| Your goal |
Verbatim copy, images omitted: return the full listing.

| Dataset excerpt |
═══
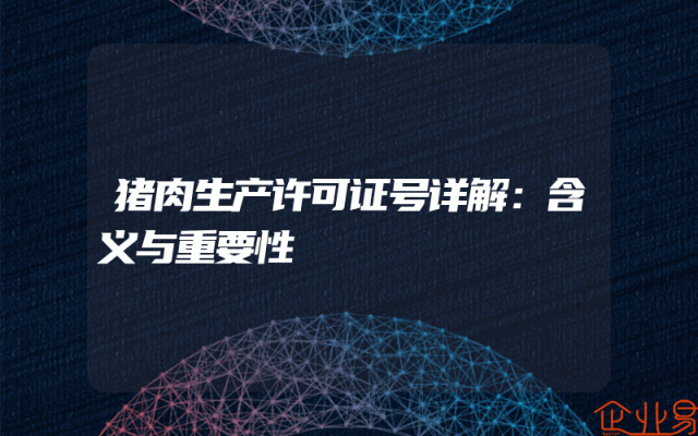 - 猪肉生产许可证号详解:含义与重要性一、猪肉生产许可证号的含义猪肉生产许可证号是经国家相关部门审核合格后颁发的合法证件编号。它代表着猪肉生产企业的合法身份和经营资质,是规范生猪养殖、屠宰、加工、销售等环节的重要保障。许可证号包含了企业的基本信
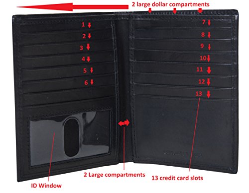 -. Binding : Apparel -. Brand : F&L CLASSIC -. ClothingSize : One size -. Color : Black -. Department : mens -. Feature : Genuine leather -Made in India, Great quality wallets will last a long time / Tested & Approved by Independent Lab Tests. Features a unique RFID Blocking technology, that protects your RFID Credit Cards, Debit Cards, ID Cards from electronic thief, Protection to Stop Thieves from Obtaining Personal or account information. / Classic style wallet -comes with 13 credit card slots - ID window-2 compartments that can be used for credit card or other stuff - 2 large dollar compartments / Great for a gift. to give to your special someone with RFID Blocking Men's Leather Wallet technology -. Model : RR-LEATHER-1-186-5C-bi-fold-BLK -. ProductGroup : Apparel -. ProductTypeName : ACCESSORY -. Size : One Size -. Title : RFID Blocking Mens Leather Bi-Fold Big Hipster Wallet, 13 credit card slots,
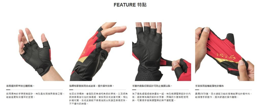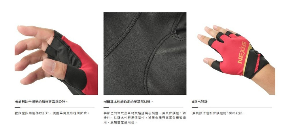 適合磯釣的立體設計,不易沾黏線頭的內側黏扣帶設計,具備UV防護、吸水速乾功能的彈性針織布料,適合春天~秋天三季穿戴的NEXUS系列手套。容易被針勾住的掌側和指縫使用的材質由原本的針織布料改為合成皮。相比針織材質,合成皮革較不容易被鉤尖刺穿且好拔除,可減少失誤並提升操作效率。
═══
| Task response |
 - 猪肉生产许可证号详解:含义与重要性一、猪肉生产许可证号的含义猪肉生产许可证号是经国家相关部门审核合格后颁发的合法证件编号。它代表着猪肉生产企业的合法身份和经营资质,是规范生猪养殖、屠宰、加工、销售等环节的重要保障。许可证号包含了企业的基本信
 -. Binding : Apparel -. Brand : F&L CLASSIC -. ClothingSize : One size -. Color : Black -. Department : mens -. Feature : Genuine leather -Made in India, Great quality wallets will last a long time / Tested & Approved by Independent Lab Tests. Features a unique RFID Blocking technology, that protects your RFID Credit Cards, Debit Cards, ID Cards from electronic thief, Protection to Stop Thieves from Obtaining Personal or account information. / Classic style wallet -comes with 13 credit card slots - ID window-2 compartments that can be used for credit card or other stuff - 2 large dollar compartments / Great for a gift. to give to your special someone with RFID Blocking Men's Leather Wallet technology -. Model : RR-LEATHER-1-186-5C-bi-fold-BLK -. ProductGroup : Apparel -. ProductTypeName : ACCESSORY -. Size : One Size -. Title : RFID Blocking Mens Leather Bi-Fold Big Hipster Wallet, 13 credit card slots,
 適合磯釣的立體設計,不易沾黏線頭的內側黏扣帶設計,具備UV防護、吸水速乾功能的彈性針織布料,適合春天~秋天三季穿戴的NEXUS系列手套。容易被針勾住的掌側和指縫使用的材質由原本的針織布料改為合成皮。相比針織材質,合成皮革較不容易被鉤尖刺穿且好拔除,可減少失誤並提升操作效率。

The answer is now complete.